▶ Assigned task:
Among the entries below, one stretch runs from the line that contains "Jaag vogels de" through the line that contains "Out of Print". Repeat that stretch exactly, ends included, and only that.

▶ Data section:
________

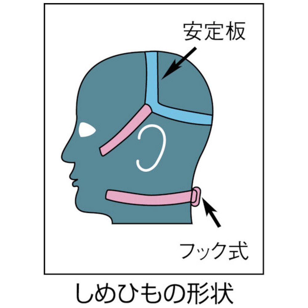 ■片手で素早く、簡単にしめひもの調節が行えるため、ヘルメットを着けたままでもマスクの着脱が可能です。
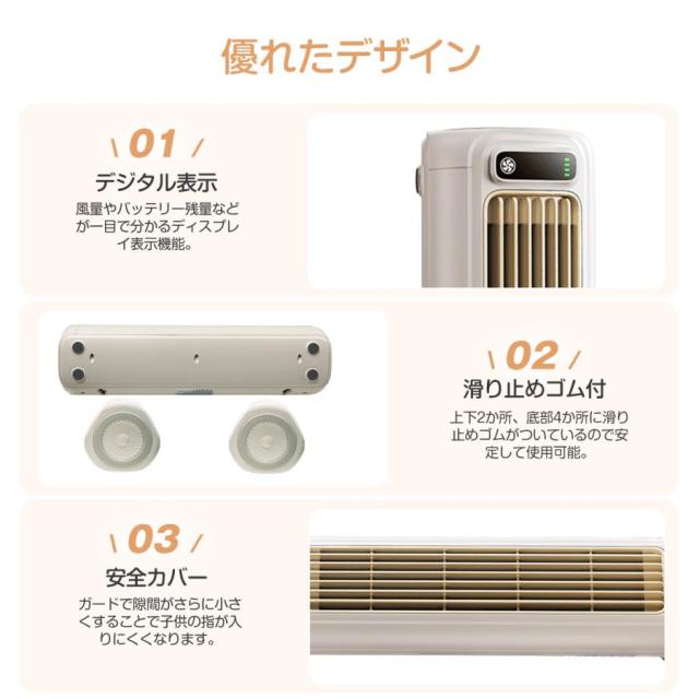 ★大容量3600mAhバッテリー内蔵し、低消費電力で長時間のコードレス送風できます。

________

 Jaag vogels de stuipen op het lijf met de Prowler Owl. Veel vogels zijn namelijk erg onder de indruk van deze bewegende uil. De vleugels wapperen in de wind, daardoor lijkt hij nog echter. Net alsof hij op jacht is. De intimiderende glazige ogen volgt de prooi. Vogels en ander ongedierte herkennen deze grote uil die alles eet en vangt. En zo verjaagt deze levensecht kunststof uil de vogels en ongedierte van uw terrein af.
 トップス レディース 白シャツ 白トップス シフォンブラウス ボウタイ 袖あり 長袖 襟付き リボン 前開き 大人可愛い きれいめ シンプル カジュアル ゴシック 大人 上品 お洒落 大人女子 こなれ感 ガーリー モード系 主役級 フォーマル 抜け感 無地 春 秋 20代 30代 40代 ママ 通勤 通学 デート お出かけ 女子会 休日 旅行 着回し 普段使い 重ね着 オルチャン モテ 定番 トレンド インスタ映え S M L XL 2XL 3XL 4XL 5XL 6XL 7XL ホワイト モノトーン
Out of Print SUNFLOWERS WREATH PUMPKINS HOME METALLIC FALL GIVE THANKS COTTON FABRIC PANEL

________

▶ Task output:
 Jaag vogels de stuipen op het lijf met de Prowler Owl. Veel vogels zijn namelijk erg onder de indruk van deze bewegende uil. De vleugels wapperen in de wind, daardoor lijkt hij nog echter. Net alsof hij op jacht is. De intimiderende glazige ogen volgt de prooi. Vogels en ander ongedierte herkennen deze grote uil die alles eet en vangt. En zo verjaagt deze levensecht kunststof uil de vogels en ongedierte van uw terrein af.
 トップス レディース 白シャツ 白トップス シフォンブラウス ボウタイ 袖あり 長袖 襟付き リボン 前開き 大人可愛い きれいめ シンプル カジュアル ゴシック 大人 上品 お洒落 大人女子 こなれ感 ガーリー モード系 主役級 フォーマル 抜け感 無地 春 秋 20代 30代 40代 ママ 通勤 通学 デート お出かけ 女子会 休日 旅行 着回し 普段使い 重ね着 オルチャン モテ 定番 トレンド インスタ映え S M L XL 2XL 3XL 4XL 5XL 6XL 7XL ホワイト モノトーン
Out of Print SUNFLOWERS WREATH PUMPKINS HOME METALLIC FALL GIVE THANKS COTTON FABRIC PANEL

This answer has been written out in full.